Haidt describes, in the book, how he and his collaborators did in fact revise the model to account for a problem with the Fairness foundation. Largely as a result of feedback from economic conservatives, they came around to the view that Fairness was conflating two different concerns, namely proportionality and equality. Liberals cared about equality, whereas conservatives cared about “the fairness of the Protestant work ethic and the Hindu law of karma: People should reap what they sow”. In response, Haidt and his colleagues narrowed the Fairness/Cheating foundation down to the conservative notion of fairness as proportionality, and introduced a new, sixth foundation to cover the liberal idea of fairness as equality. Curiously, though, they called this new foundation not Equality/Inequality but rather Liberty/Oppression. Haidt suggests that the original trigger of the cognitive module linked to this foundation is “signs of attempted domination” by a powerful individual, but that current triggers “include almost anything that is perceived as imposing illegitimate restraints on one’s liberty, including government (from the perspective of the American right)” and yet “can expand to encompass the accumulation of wealth, which helps to explain the pervasive dislike of capitalism on the far left.” Haidt explicitly acknowledges that the Liberty/Oppression foundation appeals to liberals and conservatives in different ways, but one nevertheless wonders if the model might be better off with at least seven foundations (the original five plus Equality/Inequality and Freedom/Constraint) as opposed to only six.
Despite these criticisms, I find Haidt’s efforts to disentangle the basis of moral intuitions basically admirable. I strongly suspect that the new six-foundation model of human morality is far from the best possible one, but it surely facilitates the documentation of some real patterns, and some real psychological differences among people with different political views. I think the approach ought to be refined, rather than rejected.

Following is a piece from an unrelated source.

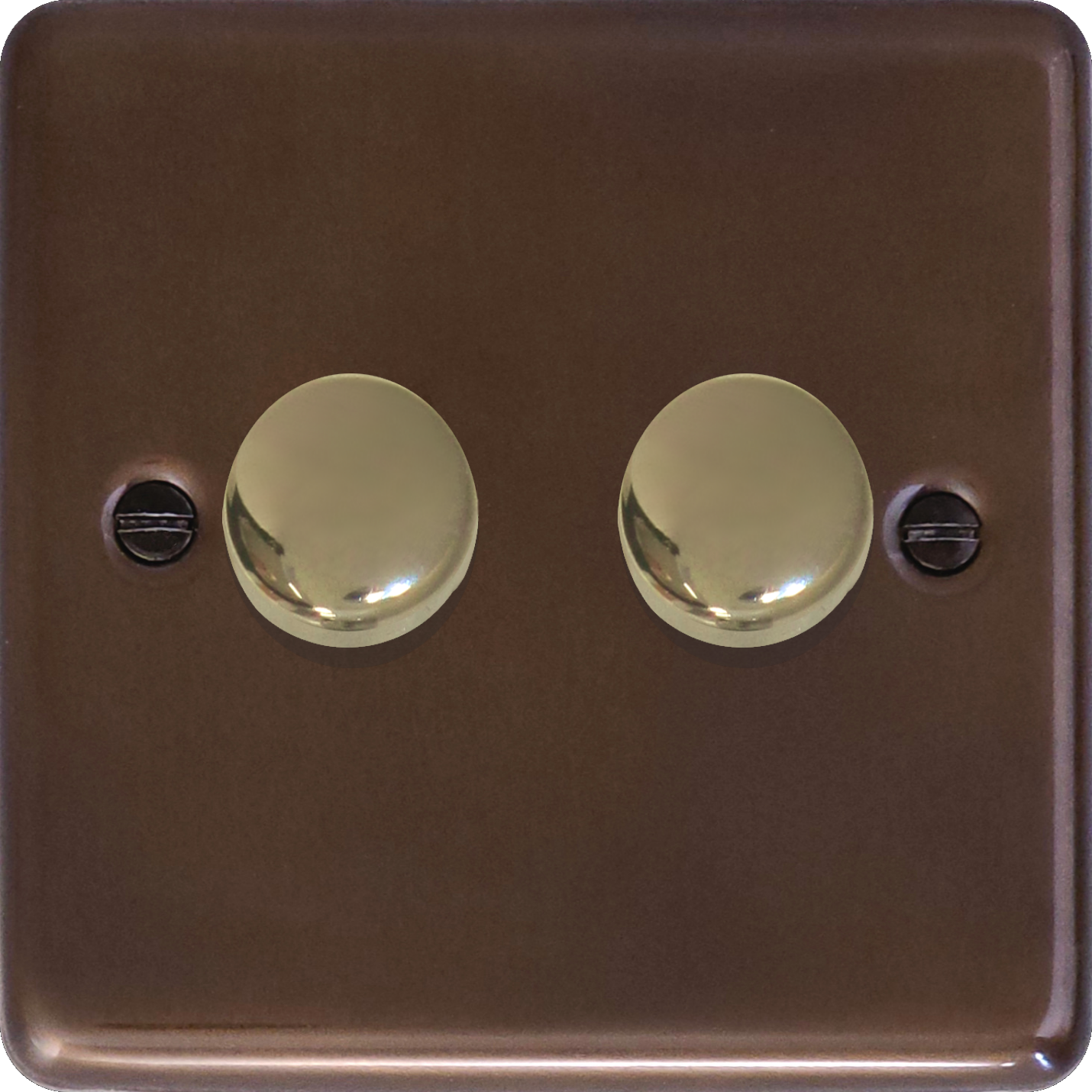 Contour Medium Bronze LED Dimmer (2 Gang/Polished Brass Caps)

As for my own intuitions, the Moral Foundations Questionnaire – still based, at least when I filled it out, on the five-foundation model – informed me that I was more conservative than the average conservative on Loyalty (4.0/5.0), Harm (1.5) and Fairness (2.2), more liberal than the average liberal on Sanctity (1.2; called “Purity” in the version of the questionnaire that I took) and somewhere in between average liberals and conservatives on Authority (2.9). Feel free to report your own scores in the comments, but do take them with a few grains of salt, as I do mine.